Since September 2011, the U.S. Department of Labor, Wage and Hour Division ("DOL") has stepped up the pressure on corporations to reclassify workers as employees, rather than independent contractors. Between December 2011 and February 2012, the DOL announced cooperation agreements with three more states: California, Colorado, and Louisiana.2 These states each have entered into a three year Memorandum of Understanding ("MOU") with the DOL which specifies that broad categories of information, such as unemployment compensation information, identities and/or confidential "statements" of persons and internal opinions and recommendations by either the DOL or one of the state agencies, can be exchanged for purposes of enforcing laws within the purview of each agency.3 Both the DOL and these states also agreed to insert hyperlinks to the websites of the other agency on their own sites and to exchange statistical information on violations in specific industries and geographic areas. This expansion of state cooperation obviously increases the scope of the information available to the DOL to initiate investigations and pursue enforcement, particularly with the added cooperation of California.

Since every MOU expressly permits the delivery of unemployment insurance information to the DOL by the partner states, companies should assume that their responses to unemployment insurance applications by independent contractors will be delivered to the DOL. Statements in such responses made by the company may constitute "admissions" in any investigation as to whether the workers are properly classified. We recommend that such responses be reviewed by counsel or, at least, be prepared by a single human resources professional who has been trained to provide accurate information using correct terminology.

The DOL is aggressively leveraging its new partnership with the states.
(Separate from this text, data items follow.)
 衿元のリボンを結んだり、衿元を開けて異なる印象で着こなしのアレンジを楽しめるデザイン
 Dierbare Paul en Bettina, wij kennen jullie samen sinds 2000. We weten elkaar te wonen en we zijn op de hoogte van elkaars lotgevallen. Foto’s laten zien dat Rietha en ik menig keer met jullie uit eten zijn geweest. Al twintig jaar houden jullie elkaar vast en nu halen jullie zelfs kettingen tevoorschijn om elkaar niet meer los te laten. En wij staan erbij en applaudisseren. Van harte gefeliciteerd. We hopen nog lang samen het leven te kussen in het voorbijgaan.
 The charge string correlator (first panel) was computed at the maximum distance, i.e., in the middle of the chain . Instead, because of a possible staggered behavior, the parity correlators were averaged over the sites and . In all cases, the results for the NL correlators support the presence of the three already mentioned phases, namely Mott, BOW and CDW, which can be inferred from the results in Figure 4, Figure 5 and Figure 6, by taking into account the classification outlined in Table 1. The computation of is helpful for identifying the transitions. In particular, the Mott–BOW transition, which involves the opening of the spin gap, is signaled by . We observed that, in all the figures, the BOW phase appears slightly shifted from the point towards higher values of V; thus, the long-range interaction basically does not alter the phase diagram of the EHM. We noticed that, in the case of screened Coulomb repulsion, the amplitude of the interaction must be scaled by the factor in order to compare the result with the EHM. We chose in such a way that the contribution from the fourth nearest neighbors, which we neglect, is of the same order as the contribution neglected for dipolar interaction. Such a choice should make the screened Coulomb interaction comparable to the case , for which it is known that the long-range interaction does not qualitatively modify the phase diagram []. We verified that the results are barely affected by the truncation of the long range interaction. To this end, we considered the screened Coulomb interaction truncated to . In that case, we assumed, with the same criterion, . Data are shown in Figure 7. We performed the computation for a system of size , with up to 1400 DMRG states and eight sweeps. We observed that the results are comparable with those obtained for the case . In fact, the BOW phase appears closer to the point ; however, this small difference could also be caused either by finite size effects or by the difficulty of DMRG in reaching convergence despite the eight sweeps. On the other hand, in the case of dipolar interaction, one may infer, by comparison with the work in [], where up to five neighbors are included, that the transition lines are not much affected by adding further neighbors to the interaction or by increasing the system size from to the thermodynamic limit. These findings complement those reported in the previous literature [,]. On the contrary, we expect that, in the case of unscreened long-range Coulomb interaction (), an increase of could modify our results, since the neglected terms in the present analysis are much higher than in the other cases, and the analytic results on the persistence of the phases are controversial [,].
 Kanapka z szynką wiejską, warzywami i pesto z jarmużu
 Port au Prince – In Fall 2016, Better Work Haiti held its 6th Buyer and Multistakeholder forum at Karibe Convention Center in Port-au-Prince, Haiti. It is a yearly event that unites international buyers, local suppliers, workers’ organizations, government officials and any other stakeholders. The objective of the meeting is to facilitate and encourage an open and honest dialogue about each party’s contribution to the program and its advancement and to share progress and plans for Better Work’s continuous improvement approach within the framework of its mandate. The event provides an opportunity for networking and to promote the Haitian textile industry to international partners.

Since September 2011, the DOL has announced three wide-ranging "initiatives" to identify misclassification: (1) in the construction industry in Connecticut and Rhode Island; (2) in the hotel and motel industry in Texas; and (3) in the nail salon industry in Seattle, Washington. Connecticut and Washington are both DOL partners. In February 2012, the DOL announced that, with the cooperation and assistance of the State of Connecticut under the MOU between the two, it had initiated a "multi-year enforcement initiative" in the construction industry focusing on worker misclassification on large construction projects with a stated goal "to remedy systemic violations and promote sustained compliance." Also in February 2012, the DOL announced that, with the cooperation of the State of Washington, it had initiated an investigation of the nail salon industry in the Seattle area into misclassification of workers as "booth renters" using a series of "unannounced investigations." In Texas, where the DOL does not have a partnership with the state, the DOL announced in March 2012 an initiative to investigate misclassification of the hotel and motel industry in the Dallas/Ft. Worth area. In the press release announcing this initiative, the DOL stated that it would list on its enforcement database every hotel and motel investigated by the DOL together with the investigation results. These investigations could have a wide-ranging effect on employers in the targeted industries, particularly if the DOL prosecutes and broadly publicizes the results as it has announced it will do.
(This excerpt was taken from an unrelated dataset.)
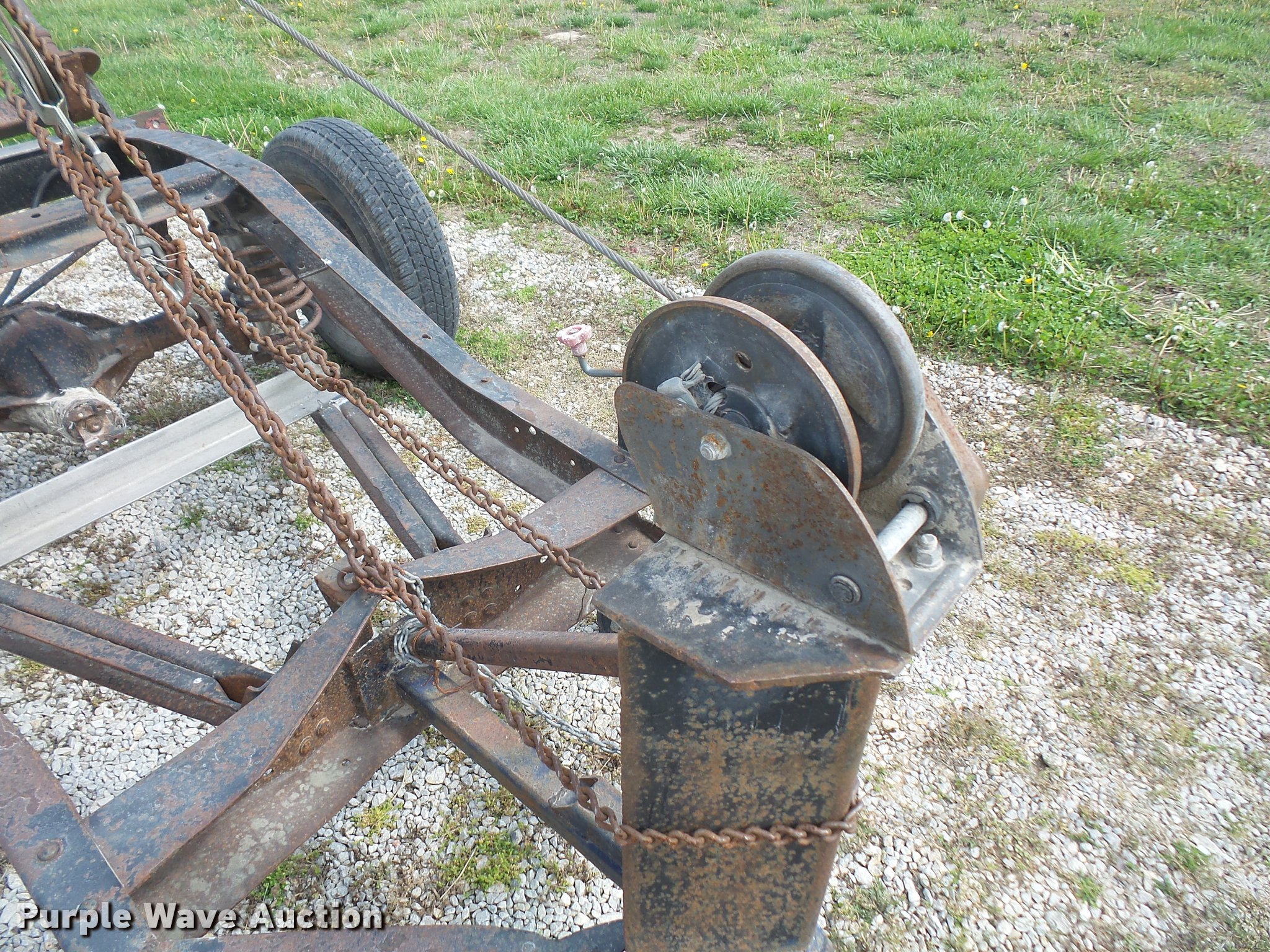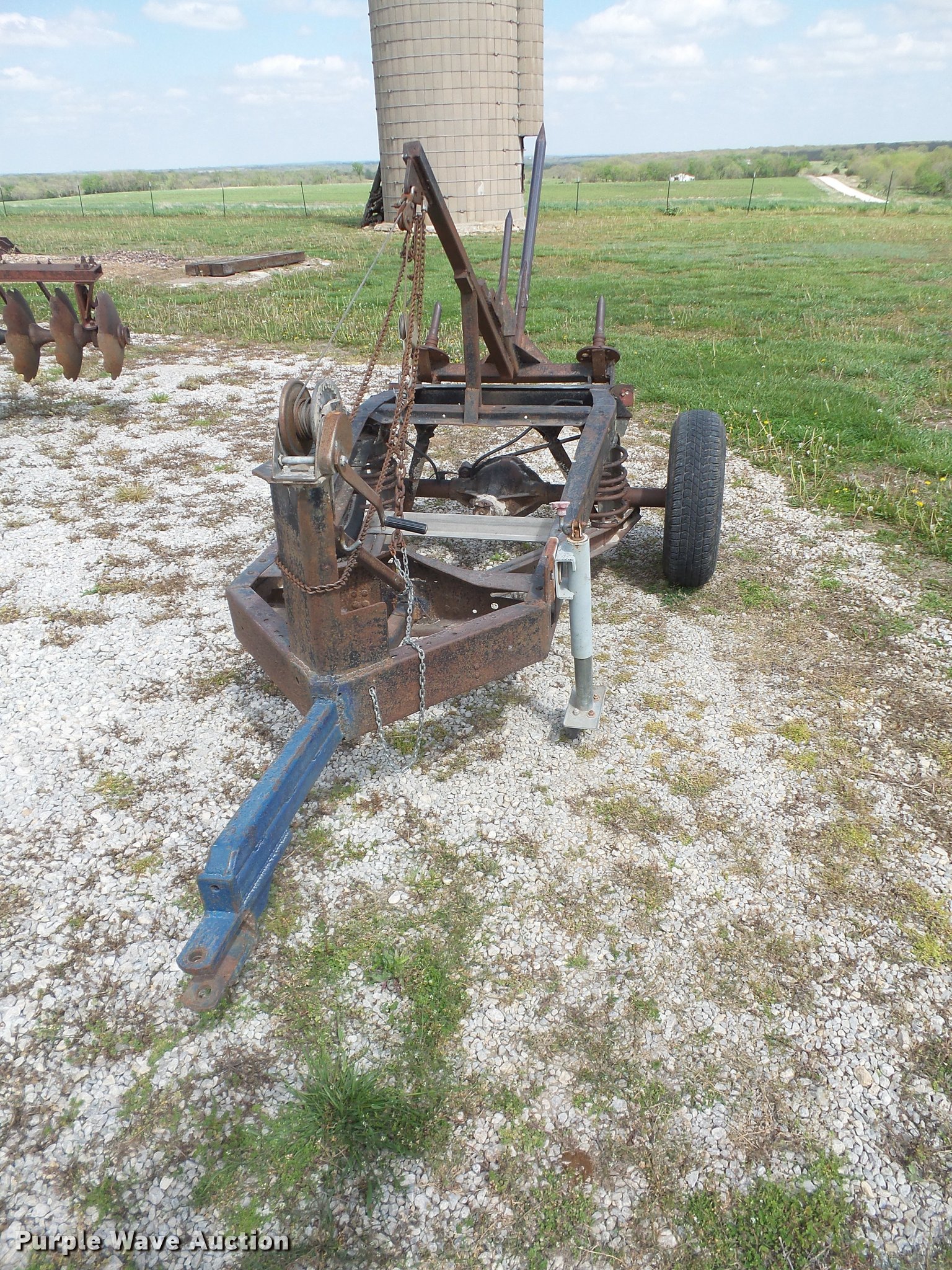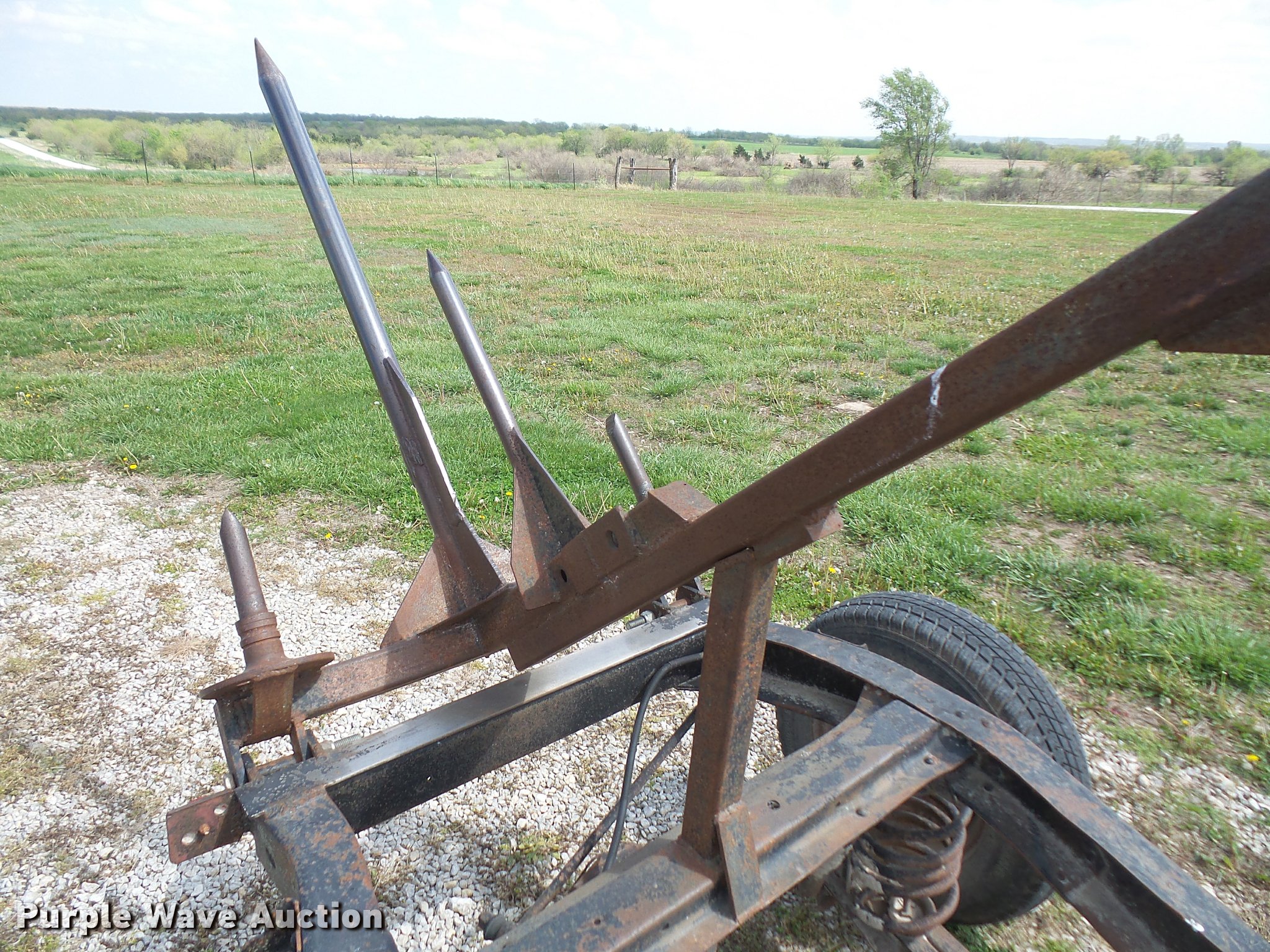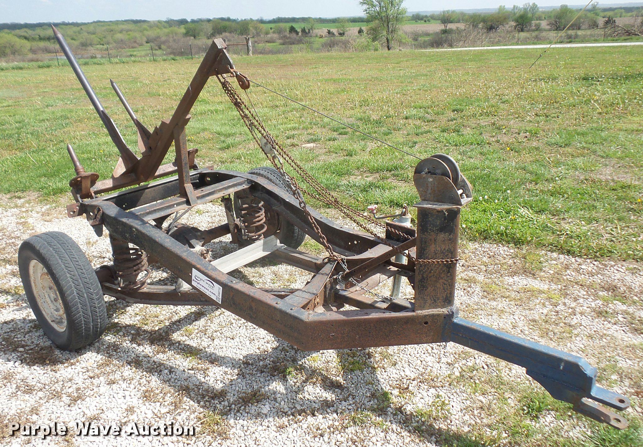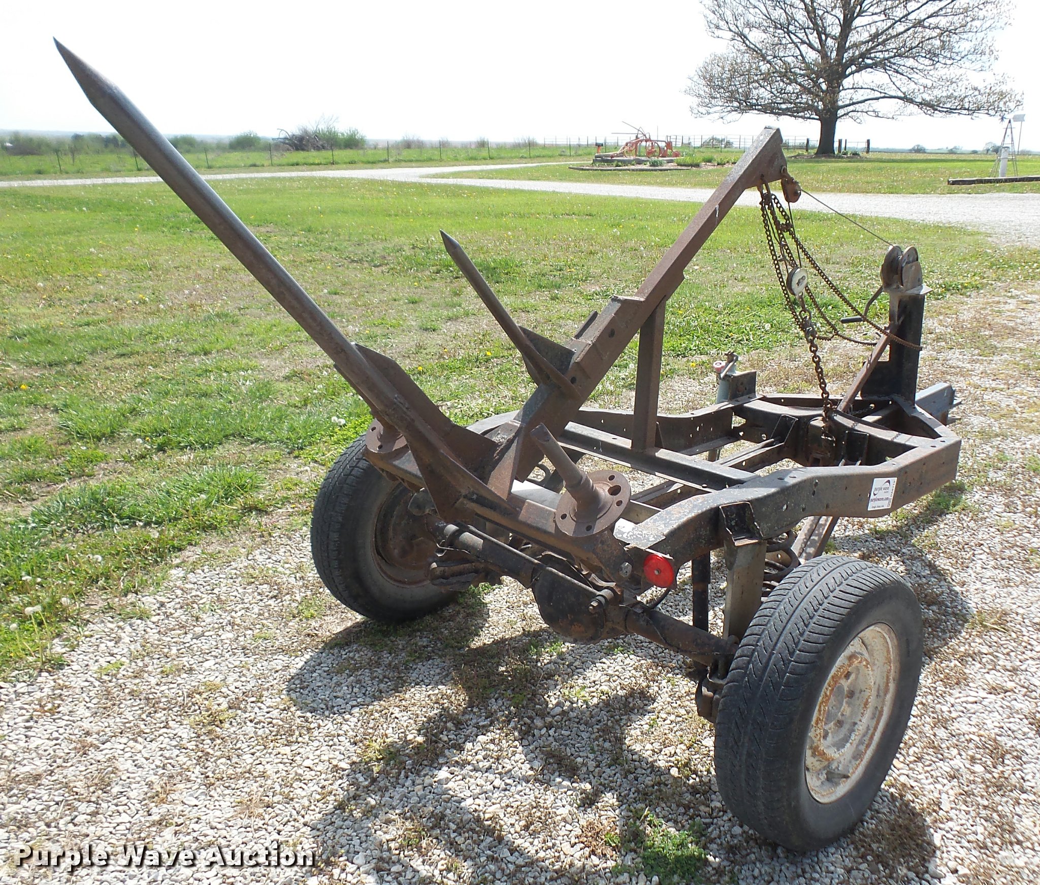 Purple Wave is selling a used Hay Handling in Kansas. This item is a Shop built round bale carrier with the following: 48" spike, Manual winch, Pin hitch, 15" tires

To maximize the impact of its aggressive activity, the DOL routinely trumpets settlements with or judgments against companies arising from misclassification of independent contractors. This seems particularly the case in those states that are part of the joint initiative with the IRS and the DOL to combat perceived misclassification. For example, the DOL announced in May 2012 that in Illinois it had obtained a $500,000 judgment, including $75,000 in civil penalties, against two Chicago cleaning companies that had misclassified 135 cleaners as independent contractors. In Massachusetts, the DOL announced in November 2011 that a real property and management company had misclassified painters, maintenance employees, electricians, plumbers, floor installers, and security guards as independent contractors and, as a result, would pay $250,000 in back wages to 42 workers. In Texas, the DOL announced in May 2012 that a power company would pay $485,000 in overtime wages to 135 workers who had been misclassified as independent contractors. The DOL website contains scores of press releases announcing settlements or judgments arising from misclassification, particularly in participating states.

By far the most interesting development over the last several months is the DOL's new "naming and shaming" strategy aimed at the hotel, restaurant, and retail sales industries using smart phone technology. An application for smart phones and iPads developed by a private web app developer for the DOL links the DOL enforcement database to a search application for individual hotels, motels, restaurants, and retail businesses. "Eat Shop Sleep"4 for iPhones, iPads, and Android smart phones allows the user to search for places to eat, shop, and sleep, get directions to their locations, read customer reviews linked to Yelp, and review health, safety, and labor "highlights" prepared by the DOL, Wage and Hour Division and OSHA. In fact, the information supplied by the DOL is surprisingly comprehensive. A screenshot on the "Eat Shop Sleep" application sign-in page regarding a steakhouse restaurant states, under the heading "Child Labor and Fair Labor Violations," that the restaurant has "27 Fair Labor Violations" and that "26 employees are due $6,647.21 in back wages." The logo of the DOL, Wage and Hour Division appears on the screenshot below this information, clearly tying the violation statistic to the DOL. The application sign-in page invites "consumers in the know" to "narrow your results by health/labor violations" and to "view health/labor information from the Department of Labor on businesses at a glance on the U.S. map." An instruction video on the application sign-in page demonstrates that, in addition to all of the above, the user can access a copy of any DOL violations, sort by businesses not having DOL violations and contact the DOL or OSHA with a click.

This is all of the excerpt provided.